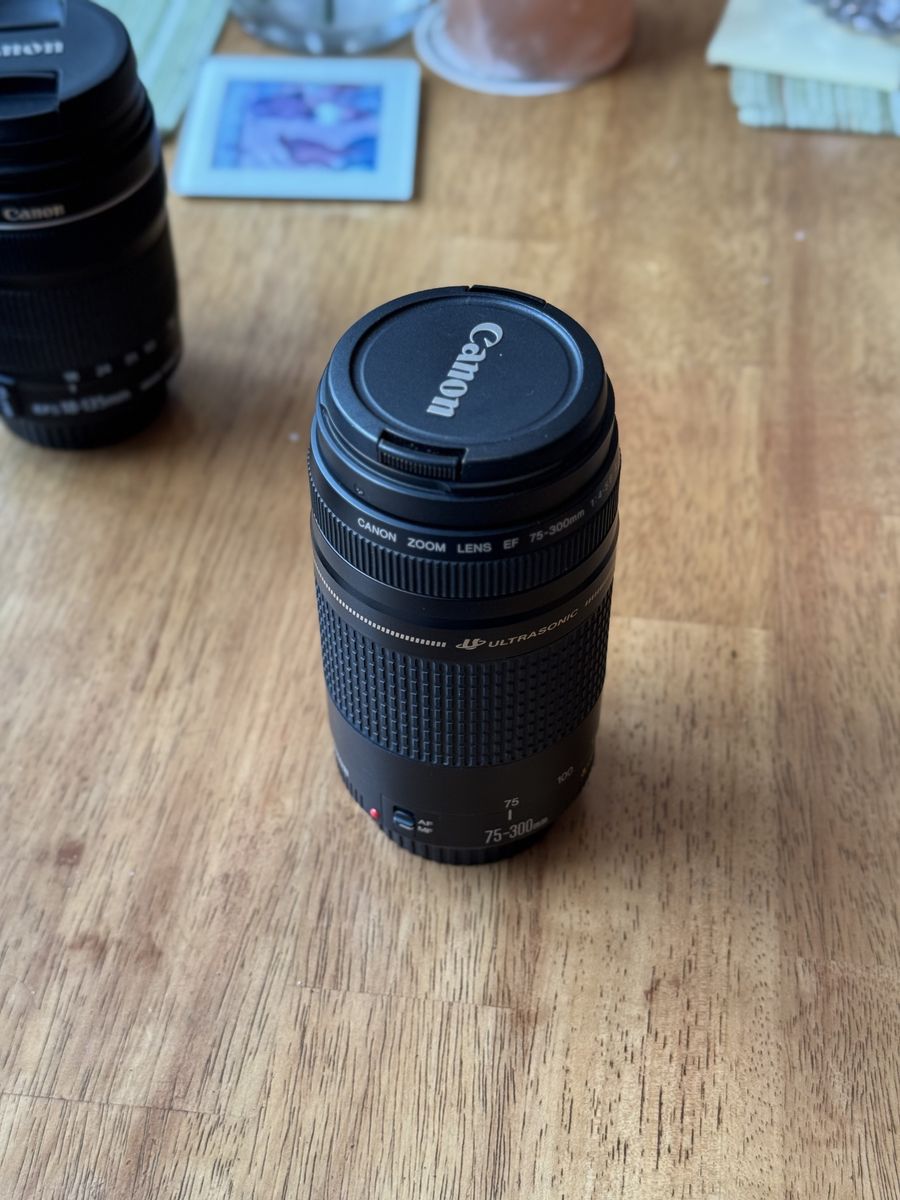 The lenses are: Canon 18-55mm Canon 18-135mm Canon 75-300mm (the only lens the 2x teleconverter works with)
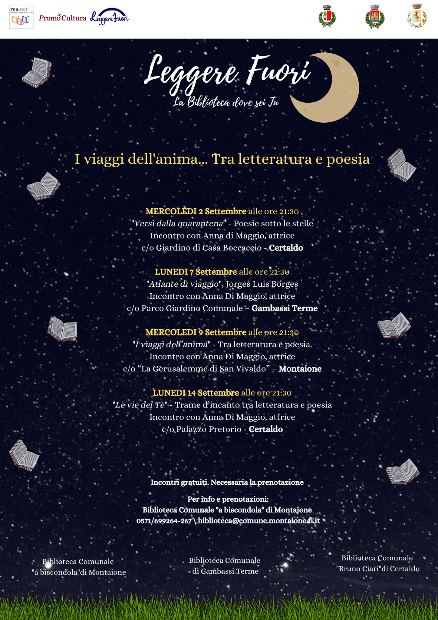 Torna il ciclo di incontri "Leggere fuori" che dopo una serie di eventi per bambini propone adesso quattro incontri con l'attrice Anna Di Maggio pensati per un pubblico più adulto. L'iniziativa dei Comuni di Certaldo, Gambassi Terme e Montaione, nasce grazie alla gestione associata delle rispettive biblioteche, a cura di PromoCultura.
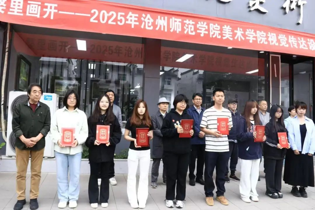 期间,云电军出席“婺里画开——2025年新葡萄8883官网AMG美术学院视觉传达设计专业写生作品展”开幕式。美术学院视觉传达设计专业参加《装饰色彩》课程写生的同学们以设计视角重构山水意境,用线条与色彩记录田野呼吸,展现了专业理论学习与艺术创作实践的深度融合,本次展览共展出写生作品120幅,其中20幅优秀作品以独特的艺术语言,生动呈现了婺源的自然风貌与人文底蕴。云电军勉励师生继续深耕专业、勇攀艺术高峰,何兰芝、王通和实习带队老师为获奖学生颁发荣誉证书。
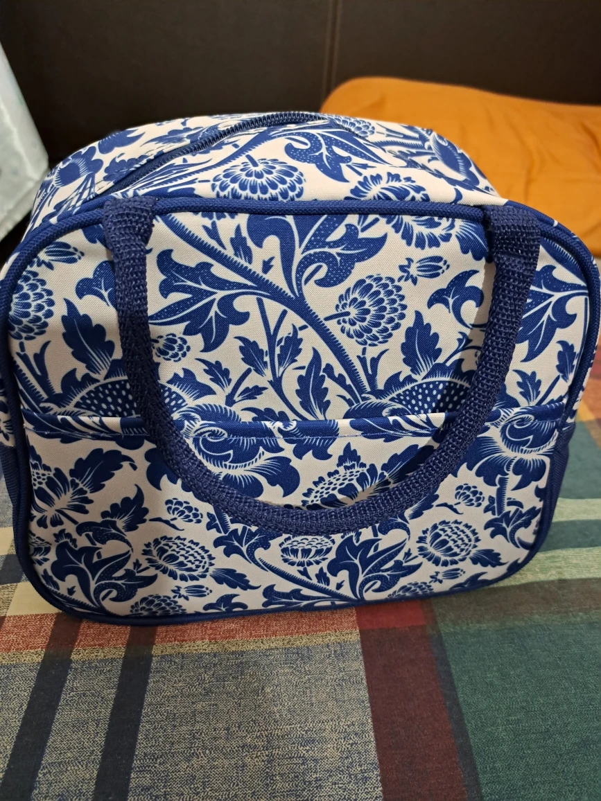 cute and very clean lunch bag...realized it doesn't suit me bought from Kitchen Stuff Plus few months ago and now sitting in my closet length 10" height 8" width 6" has one side pocket pick up only
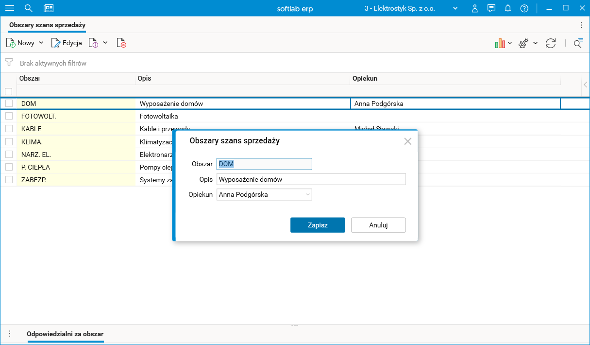 · Jeżeli obszar nie został wybrany lub nie ma przypisanego opiekuna, to opiekun szansy inicjowany jest zalogowanym operatorem.
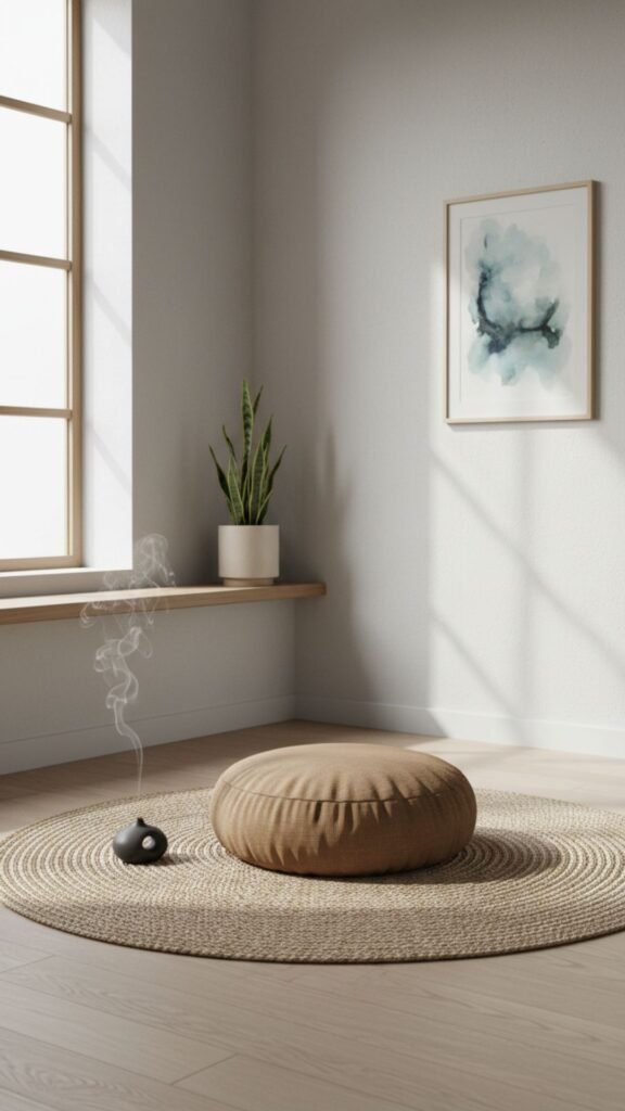 Designate a quiet zone for mindfulness and relaxation. Minimalist decor and soft textures help clear the mind and promote a sense of calm.

### Task:
Give the data again word for word, without pictures.

### Answer box:
 The lenses are: Canon 18-55mm Canon 18-135mm Canon 75-300mm (the only lens the 2x teleconverter works with)
 Torna il ciclo di incontri "Leggere fuori" che dopo una serie di eventi per bambini propone adesso quattro incontri con l'attrice Anna Di Maggio pensati per un pubblico più adulto. L'iniziativa dei Comuni di Certaldo, Gambassi Terme e Montaione, nasce grazie alla gestione associata delle rispettive biblioteche, a cura di PromoCultura.
 期间,云电军出席“婺里画开——2025年新葡萄8883官网AMG美术学院视觉传达设计专业写生作品展”开幕式。美术学院视觉传达设计专业参加《装饰色彩》课程写生的同学们以设计视角重构山水意境,用线条与色彩记录田野呼吸,展现了专业理论学习与艺术创作实践的深度融合,本次展览共展出写生作品120幅,其中20幅优秀作品以独特的艺术语言,生动呈现了婺源的自然风貌与人文底蕴。云电军勉励师生继续深耕专业、勇攀艺术高峰,何兰芝、王通和实习带队老师为获奖学生颁发荣誉证书。
 cute and very clean lunch bag...realized it doesn't suit me bought from Kitchen Stuff Plus few months ago and now sitting in my closet length 10" height 8" width 6" has one side pocket pick up only
 · Jeżeli obszar nie został wybrany lub nie ma przypisanego opiekuna, to opiekun szansy inicjowany jest zalogowanym operatorem.
 Designate a quiet zone for mindfulness and relaxation. Minimalist decor and soft textures help clear the mind and promote a sense of calm.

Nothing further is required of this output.